EXERCISE: Retype each line of the data below exactly, beginning with the first and ending with the one that contains "Minimalist Standing Coat". Pictures do not belong in the copy.

Saved entries:
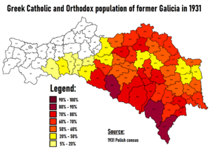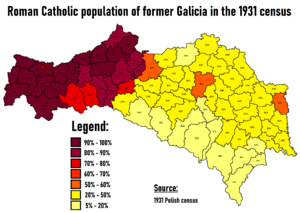 27. ^ Zamorski, Krzysztof (1989). Informator statystyczny do dziejów społeczno-gospodarczych Galicji. Ludność Galicji w latach 1857-1910 (in Polish). Kraków-Warszawa: Zakład Wydawnictw Statystycznych. pp. Tabela 21, Tabela 35. ISBN 83-233-0350-9.{{cite book}}: CS1 maint: unrecognized language (link)
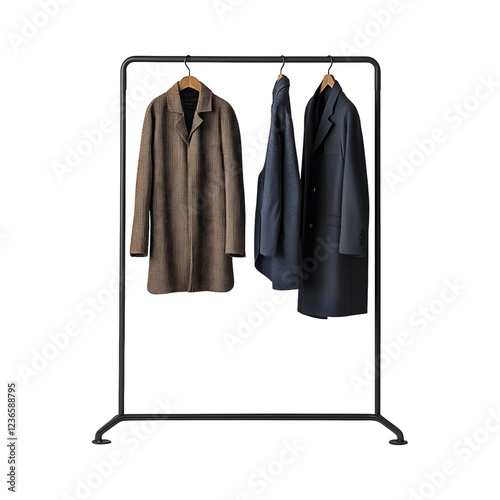 Minimalist Standing Coat Rack with Coats Hanging Isolated on Transparent Background
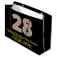 This fun and simple Christmas themed and birthday themed December 25th birthday gift bag design features a large number "28" with a green, white, and red stripes pattern, along with the message "Happy 28th Birthday & Merry Christmas,", and a personalised name. The background is coloured black. A gift bag like this might be used when wrapping gifts or presents that are being given to somebody whose twenty eighth birthday falls on December 25th (Christmas Day). [~Z0000407]
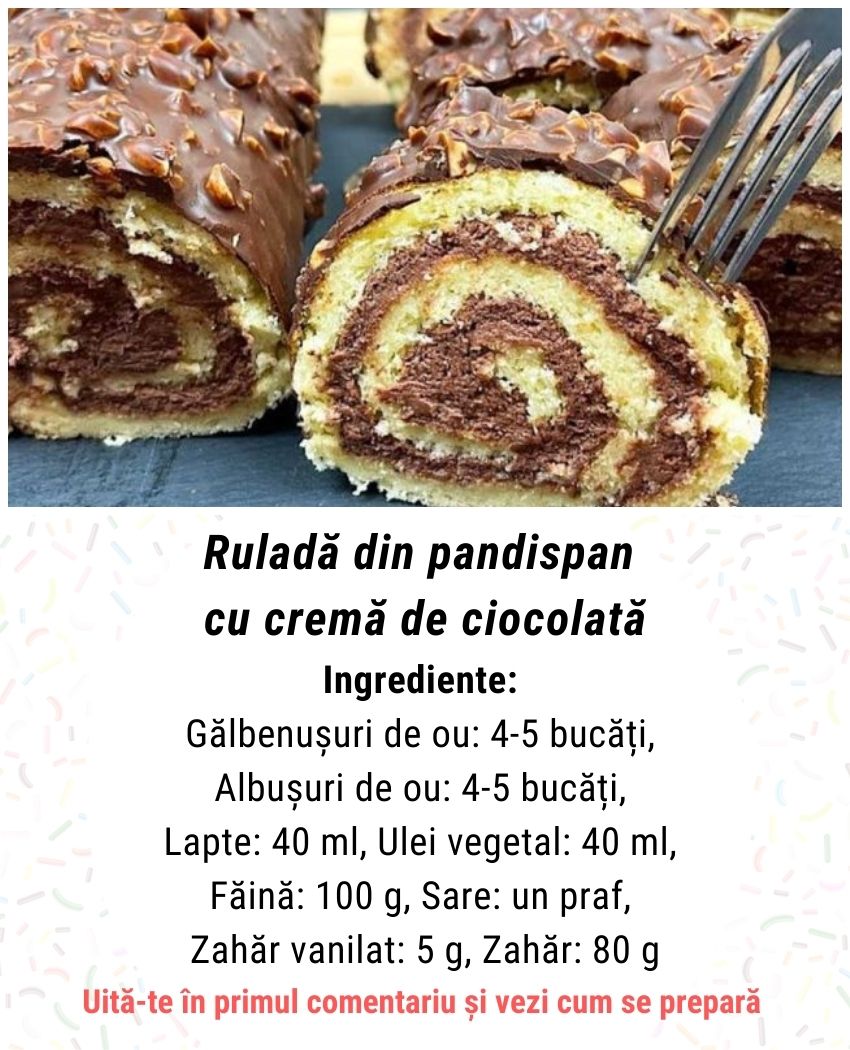 Rulada din pandispan cu cremă de ciocolată este un desert delicios, care combină un blat pufos de pandispan cu o umplutură cremoasă și o glazură delicioasă de ciocolată.
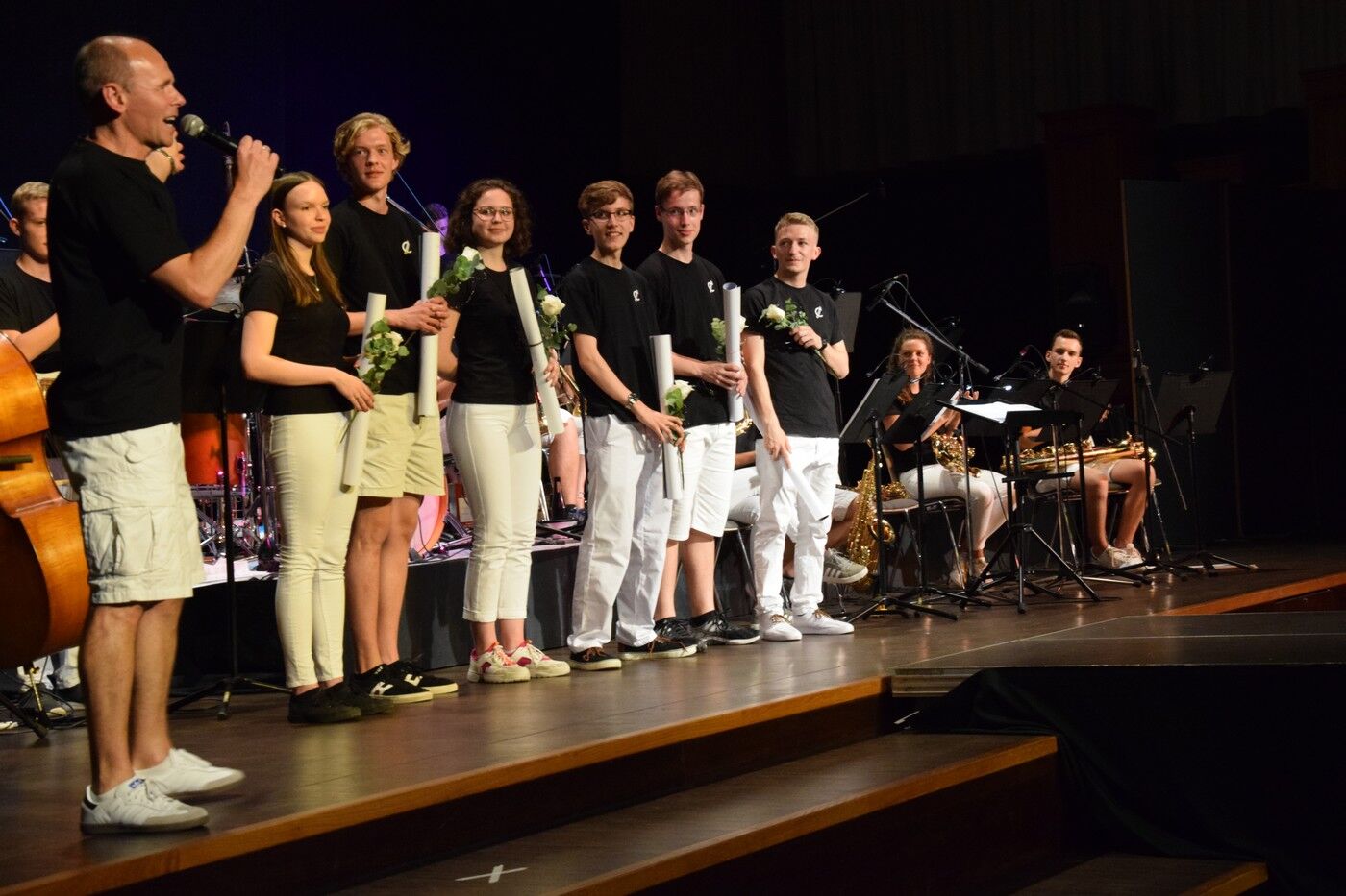 Die Qualität der Camerloher-Bigband zeigt sich nicht in ihren dynamisch und fehlerfrei vorgetragenen Nummern, sondern auch darin, dass fast alle Mitglieder in der Lage sind, mit Solis zu glänzen. So gab es in allen Stücken gleich mehrere Soloauftritte. Und so durften sich vor allem die scheidenden Abiturientinnen und Abiturienten jeweils mit einem langen Solo aus der Band verabschieden: Aaron Schwarz mit einem Trompetensolo, Michael Nauderer mit einem am Flügelhorn. Cordula Kraetzl am Tenorsaxophon im Wechsel mit Emanuel Kirschner am Vibraphon. Und schließlich Bernhard Mottinger mit einem mitreißendem Schlagzeugsolo.

ANSWER BOX:
 27. ^ Zamorski, Krzysztof (1989). Informator statystyczny do dziejów społeczno-gospodarczych Galicji. Ludność Galicji w latach 1857-1910 (in Polish). Kraków-Warszawa: Zakład Wydawnictw Statystycznych. pp. Tabela 21, Tabela 35. ISBN 83-233-0350-9.{{cite book}}: CS1 maint: unrecognized language (link)
 Minimalist Standing Coat Rack with Coats Hanging Isolated on Transparent Background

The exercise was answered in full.